招かれざる来訪者 4
ジュリアスからアリーを助けるべく、メグ、ヨンハンス、ロバートがそれぞれ礼拝堂へと向かっていた。そんな中で、最初に礼拝堂に戻ったのは客間の手配を依頼された神官見習いの青年だった。
礼拝が終わってからかなりの時間が経ち、またアリーを気にして礼拝堂に残っていた教会の人間もモングスト家の騎士に外へ追いやられたため、礼拝堂はぽつぽつと人がいるだけで閑散としていた。そんな中、彼は騎士の側に立つアリーを見つけると、彼女に一目散に駆け寄った。
「客間の手配ができました。
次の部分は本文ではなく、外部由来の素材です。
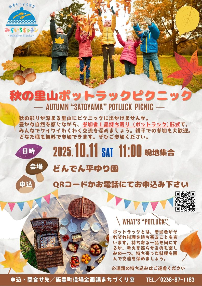 秋の彩りが深まる里山にピクニックに出かけませんか。 豊かな自然を感じながら、参加者1品持ち寄り(ポットラック)形式で、みんなでワイワイわくわく交流を深めましょう。親子での参加も大歓迎です。
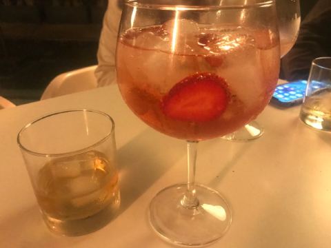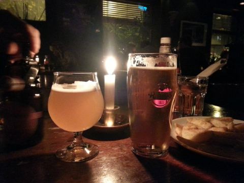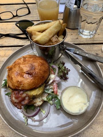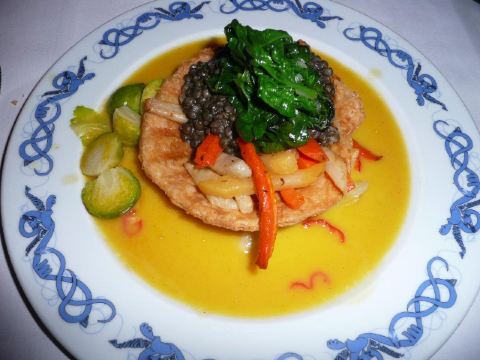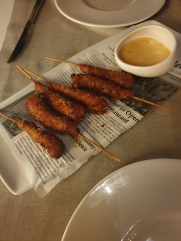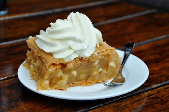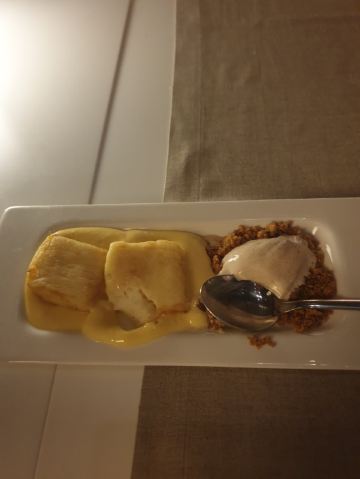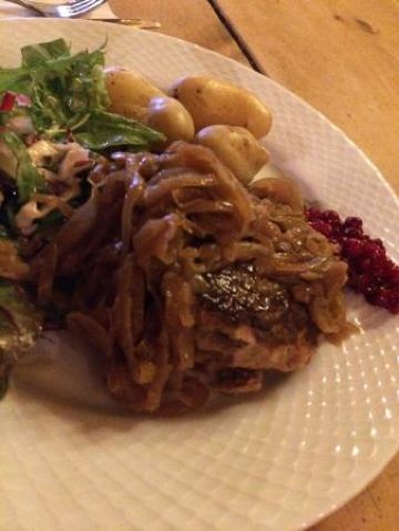 为了一个苹果派居然要翻山越岭 Frognerseteren,来这家餐厅,最主要的是吃,奥斯陆号称最好吃的苹果派。果然,这个pie比较特别,下面一层pie的主要部分,是一层苹果泥夹带着苹果粒,做的有点软,但是有点像软糖的感觉,上面有一层脆饼,再加一层奶油,甜而不腻,很清新。 定了7点半的位子,到的有点早,所以决定在周围拍拍照片。餐厅里面正在举行一个复古party,里面奇装异服的人好多。 点了一份挪威LAKS,也就是三文鱼。烤鱼好大一块,单吃这一份就已经很薄了。三文鱼不是很肥,感觉挺瘦的。口感也很好,十分推荐。
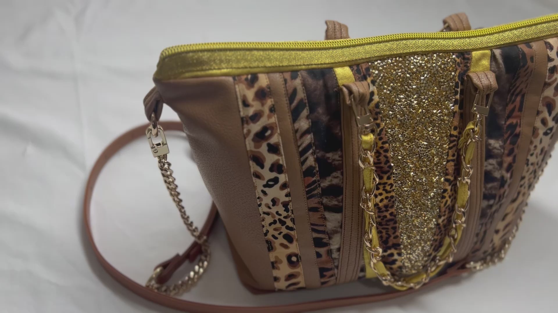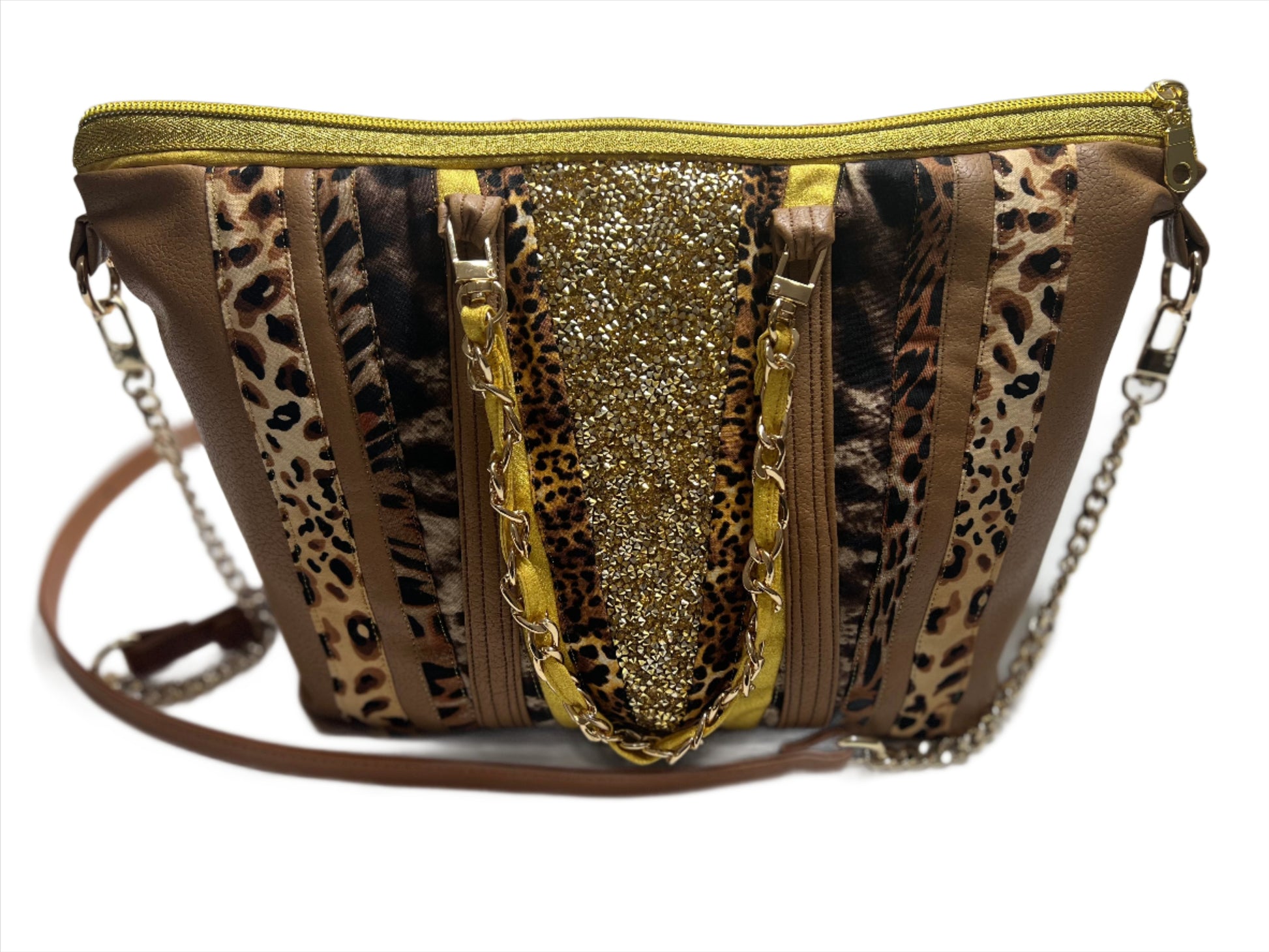 This custom purse is handmade with a soft brown vinyl fabric, accented textured gold fabric, and animal print cotton fabric. Unique and fabulous!

一番奥の部屋でございます」
彼はアリーに伝えたのに、その言葉に答えたのは騎士だった。
「一番奥ということは、一番いい部屋なのだろうな?」
睨み付けるような視線に怯えつつ、青年はその問いに答えた。
「は、はい、そうでございます」
当然だとでも言わんばかりにその返事を受け流した騎士は、近くにいた部下を手招きで呼び寄せた。
「この女を見張っておけ。俺はあの方をお呼びしてくる」
代わりにやって来た騎士は、最初にアリーに声をかけてきた騎士よりは幾分態度が柔らかかった。しかし、アリーが逃げ出せる隙は見せてくれなかった。
高圧的な騎士が出ていってからしばらくすると、彼は身なりのいい男を伴い礼拝堂に戻ってきた。アリーはジュリアスの顔を知らなかったが、騎士がモングスト侯爵家の令息だと言っていたので、あの男がそうなのだろうと思った。悪い意味で非常に貴族らしいその男が肩から流す金色の髪は、メグのものによく似ていた。そのことに気付いたアリーは、何とも言い難い気持ちになった。
ジュリアスの後ろには花束や宝石箱のようなものを抱えた侍従たちが続いていた。彼が聖女に会う気なのは、間違いないようだった。
「おい女、このお方を客間までご案内差し上げろ」
ジュリアスと共に戻ってきた騎士にそう命じられたため、アリーは深く頭を下げる貴族への礼をした。
頭を上げた後、案内のためアリーが礼拝堂の出口へと足を向けようとすると、ジュリアスが機嫌よく騎士に声をかけた。
「ユーリ様は客間でお待ちなのだな。俺としては彼女の私室でもよかったのだが、それはまた別の機会にでもすることにしよう」
既にユーリが来ると確信しているのかとアリーが苦々しく思っていると、騎士が目に見えて慌ててジュリアスに弁解を始めた。
「ジュリアス様、その、聖女様のご予定はまだ……」
「どうした?いらっしゃるのに時間がかかるのか?女性の支度は時間がかかるものだし、他ならぬユーリ様のためなら、私も少しぐらいは時間を融通させよう」
二人の話を聞く限り、ジュリアスはユーリが来ることが決まっているとを思っているようだった。どうやら騎士はそれがまだ確定していないことを、きちんと伝えられていないようだった。
これは面倒なことが起こりそうだとアリーが思っていると、騎士がとんでもないことを言い始めた。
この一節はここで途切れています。